モデレーター:特定非営利活動法人 都市デザインワークス 代表理事 榊原 進氏

事例提供①
「JOZENJI STREET Circular Project」
一般社団法人定禅寺通エリアマネジメント 大井 菜摘氏
アサヒユウアス株式会社 古原 徹氏

一般社団法人定禅寺通エリアマネジメント 大井 菜摘氏(左)、
アサヒユウアス株式会社 古原 徹氏(右)

榊原

 第一部のミニレクチャーとキーノートトークのお話から、ものづくりだけでなくサービスも含めたアライアンスから、どう資源の循環を作っていけるかという課題があがりました。そのヒントが、定禅寺通で行われたプロジェクトにあるのではないかと考えています。まずは、定禅寺通のケヤキの剪定枝と、仙台市の各家庭から収集したプラスチック資源を混合して「JSCタンブラー」を制作し「JOZENJI STREET Circular Project」についてお話をいただきます。

大井

 定禅寺通でまちづくりに関わる活動をしています、定禅寺通エリアマネジメント(JSAM)の大井と申します。仙台市は、2023年に環境省が実施する「脱炭素先行地域」に選定され、定禅寺通を含む3つのエリアで脱炭素化の取り組みが進められています。「JSCタンブラー」はその一環として生まれました。

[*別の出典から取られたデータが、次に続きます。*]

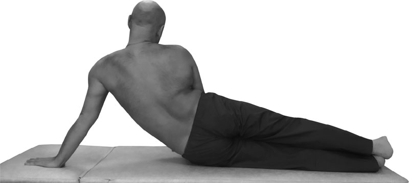 1. Лежа на боку приподняться на прямой руке до ощущения натяжения в области КМП, удерживать это положение в течение 15–30 секунд (см. рис. 43).

 定禅寺通のアイデンティティであるケヤキの木ですが、毎年剪定された枝は活用されずに焼却処分されていました。そこで剪定枝を使ったサステナブルな取り組みを検討していた時に、並行して仙台市が家庭から出るプラスチック資源を製品化する段取りが進められていたので、この2つを使って定禅寺通のブランディングにつながるプロダクトを作ることになりました。全体の統括はJSAM、原料提供は仙台市、そしてサステナブル商品の開発・製造に携わるアサヒユウアスと3者による協働によって「JSCタンブラー」が誕生しました。

古原

 アサヒユウアスは、アサヒグループジャパン直下のベンチャーとして、循環型社会を形成するための新しい取り組みを行っています。今回開発に関わったタンブラーは家庭から集められたプラスチック資源を原料に使うのですが、どんな状態のものが入っているか分からない状態でした。そのまま使うことにはちょっとリスクがあるということで、表面は食品対応の新しいプラスチックでコーティングしました。すごく薄いので、使用量としては微々たるものですが、実はこのコーティングが大変でした。漆器の職人さんに手塗りをしてもらっているんですけれど、プラスチック資源に残っていた紙片やアルミがちょっと混ざっていて、それが表面に出ているとそこからコーティングがはがれてしまう。でも長年の技術をもった職人さんが塗る前に色々な工夫をしてくれて、ちゃんと食器として使えるようになりました。

大井

 このタンブラーには2つの全国初があります。1つは、プラスチック資源の再商品化、もう1つはケヤキとプラスチック資源を混合した材料の再商品化です。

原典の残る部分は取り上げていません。